Türkei Deutscher Botschafter besucht Yücel und Steudtner in Haft

Der deutsche Botschafter in der Türkei hat Peter Steudtner und Deniz Yücel im Gefängnis besucht. Mit beiden Inhaftierten sprach er je eine Stunde, es sei "intensiv" gewesen.

Martin Erdmann (2016)
DPA

Martin Erdmann (2016)


Martin Erdmann, der deutsche Botschafter in der Türkei, hat am Dienstag das Gefängnis Silivri westlich von Istanbul besucht und dort jeweils eine Stunde lang mit den beiden Inhaftierten Peter Steudtner und Deniz Yücel gesprochen. Es war das erste Mal seit Steudtners Festnahme Anfang Juli, dass ein deutscher Botschaftsvertreter Zugang zu ihm erhielt.

Erdmann habe sich davon überzeugen können, dass es Steudtner und Yücel "den Umständen entsprechend gut" gehe, hieß es aus dem Auswärtigen Amt. Beide Gespräche seien "intensiv" gewesen.

Steudtner war am 5. Juli auf der Insel Büyükada vor Istanbul festgenommen worden, als er ein Seminar für türkische Menschenrechtsaktivisten leitete. Außerdem wurden auch der schwedische IT-Spezialist Ali Gharavi und neun türkische Menschenrechtler festgenommen, darunter die türkische Amnesty-Direktorin Idil Eser. Ihnen wird die Unterstützung einer nicht genannten Terrororganisation vorgeworfen.

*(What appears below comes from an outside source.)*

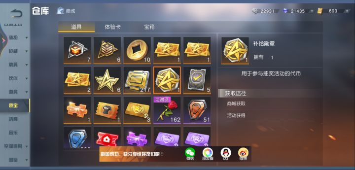这个补给勋章怎么用啊,我才玩2个月,第一次看到这个,主页也没有使用地方啊。

Der deutschtürkische Journalist Yücel sitzt bereits seit dem 14. Februar in Haft. Er hatte sich freiwillig der Polizei in Istanbul gestellt. Ihm werden Terrorpropaganda und Volksverhetzung vorgeworfen. Der türkische Präsident Recep Tayyip Erdogan bezeichnete ihn wiederholt als deutschen "Spion" und "Agenten" der verbotenen Arbeiterpartei Kurdistans (PKK).

Botschafter Erdmann will auch die deutsche Journalistin und Übersetzerin Mesale Tolu im Gefängnis besuchen. Sie wurde Ende April in Istanbul festgenommen und sitzt mit ihrem zweijährigen Sohn im Frauengefängnis Bakirköy. Ihr wird Mitgliedschaft in der verbotenen linksextremen Gruppierung MLKP vorgeworfen. Wie auch bei Yücel und Steudtner dringt die Bundesregierung auf ihre Freilassung.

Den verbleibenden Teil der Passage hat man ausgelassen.